[skip - passer]




OXmin

(3:10), EC,
2020

En regard de 109 Hypertensions de Sophie Braganti.
D'après "Die Ochsenmenuette" (Le Menuet du Bœuf) d'Ignaz Ritter von Syfried*.
Lecture sonore du 07.08.2020 à l'Entrepont au 109 à Nice dans le cadre de Voilà l'été.


Pareil à l'absurdité du présent en nature que reçoit le boucher Hongrois en échange de sa fille dans la fable du Menuet du Bœuf, le fantôme de Haydn se glisse dans une œuvre qu'il ne peut avoir écrite. Pareils aux vestiges d'un lieu où périrent des millions de vies pour en faire vivre d'autres, subsistent des échos imaginaires amplifiés et déformés d'une réalité impossible à restituer. Les cris, les bêtes, les petites vies et les pratiques contestées sont notre histoire collective : celle des anciens abattoirs du 109 aussi, entre vestige et devenir. C'est toujours en tensions, bruyantes et étrangement fagotées, que s'écrivent les relations hétérogènes mais indissociables des vivants aux machines.

En recherchant des pages historiques sur le bestiaire musical des bovins, c'est le mot et l'abréviation "Ox" qui ont surgi pour identifier cette ancienne danse de cour : le menuet. "Ox" ou "Ochs" comme pour vouloir dire occir ou oxyder. Car l'altération et la destruction des anciens principes ont toujours été des mécanismes de transformation essentiels. Ici : déplacement d'une élégance d'origine vers le registre caverneux, le spectre d'harmoniques et l'autre forme d'une distanciation du vivant sur un tapis déroulant une cadence inexorable.

Oxmin, bien plus que Moo326, s'inscrit en pause, en contrechamps de 109 Hypertensions de Sophie Braganti et en symétrie de sa proposition solaire et piquante aux accents de folklore et de temps industriel révolus.

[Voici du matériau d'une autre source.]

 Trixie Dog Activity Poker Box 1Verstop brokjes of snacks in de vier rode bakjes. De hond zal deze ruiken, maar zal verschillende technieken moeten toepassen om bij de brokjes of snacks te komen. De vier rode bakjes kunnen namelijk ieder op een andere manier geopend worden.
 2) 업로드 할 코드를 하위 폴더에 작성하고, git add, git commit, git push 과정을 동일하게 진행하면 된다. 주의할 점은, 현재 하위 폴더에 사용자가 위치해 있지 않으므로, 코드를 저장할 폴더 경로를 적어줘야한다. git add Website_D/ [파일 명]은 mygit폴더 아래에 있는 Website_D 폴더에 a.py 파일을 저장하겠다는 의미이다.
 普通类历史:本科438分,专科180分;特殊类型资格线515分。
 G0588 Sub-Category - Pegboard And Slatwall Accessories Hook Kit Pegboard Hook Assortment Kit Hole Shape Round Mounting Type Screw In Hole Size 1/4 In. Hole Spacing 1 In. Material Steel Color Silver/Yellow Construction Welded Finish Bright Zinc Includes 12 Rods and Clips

Voici une danse en si bémol, un B flat qui évoque ce que voix animales et actions mécaniques, d'essences incompatibles, ont (eu) à voir dans un même appareil.

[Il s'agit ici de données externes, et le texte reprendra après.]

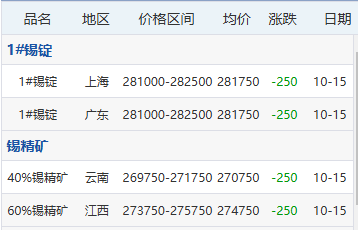 10月15日各地区现货锡价格
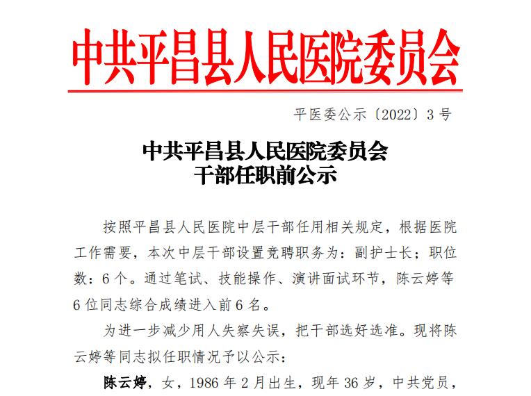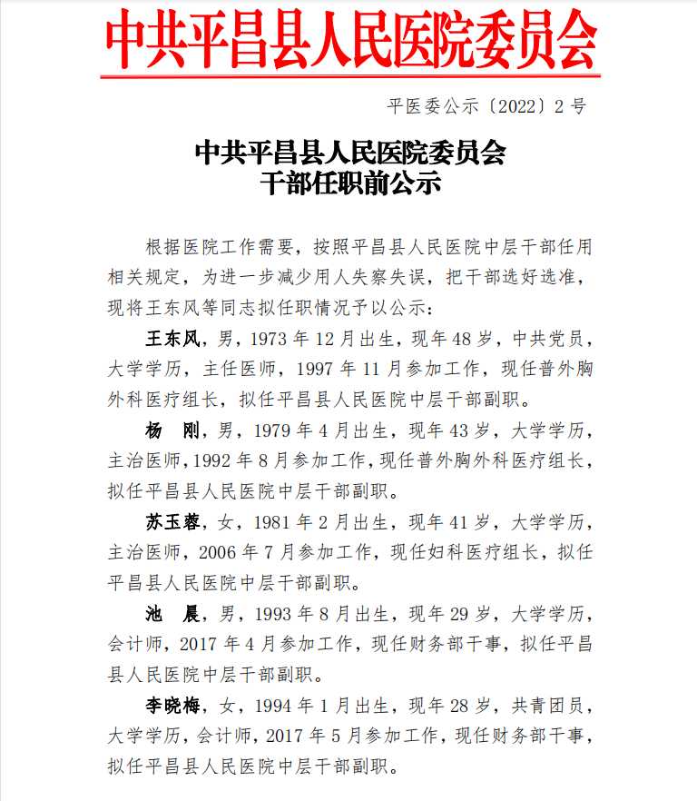 中共平昌县人民医院委员会关于米倩等同志任职的通知

*Ox Minuet, The by Carl Ferdinand Pohl, A Dictionary of Music and Musicians (1900) edited by George Grove.

Next to 109 Hypertensions by Sophie Braganti.
After "Die Ochsenmenuette" (The Minuet of the Beef) by Ignaz Ritter von Syfried *.
Reading and sound on august 07.08.2020 at l'Entrepont, 109 in Nice programming Voilà l'été.


Similar to the absurdity of the present in kind that the Hungarian butcher receives in exchange for his daughter in the fable of Minuet du Bœuf, Haydn's ghost slips into a work that he could not have written. Similar to the vestiges of a place where millions of lives perished to support others, there remain amplified and distorted imaginary echoes of a reality impossible to restore. The cries, the animals, the small lives and the contested practices are our collective history: that of the old slaughterhouses of 109 too, between vestige and becoming. It is always in tensions, noisy and strangely bundled up, that the heterogeneous but inseparable relations of the living to the machines are written.

While researching historical pages on the musical bestiary of cattle, it is the word and the abbreviation "Ox" that have arisen to identify this ancient court dance: the minuet. "Ox" or "Ochs" as to mean to occir or oxidize. For the alteration and destruction of old principles have always been essential mechanisms of transformation. Here: displacement of an original elegance towards the cavernous register, the spectrum of harmonics and the other form of a distancing from the living on a carpet unrolling an inexorable cadence.

Oxmin, much more than Moo326, is part of a pause, in reverse of 109 Hypertensions by Sophie Braganti and in symmetry of her solar and spicy proposition with accents of folklore and bygone industrial time. Here is a dance in B flat which evokes what animal voices and mechanical actions, of incompatible essences, have (had) to see in the same device.

*Ox Minuet, The by Carl Ferdinand Pohl, A Dictionary of Music and Musicians (1900) edited by George Grove.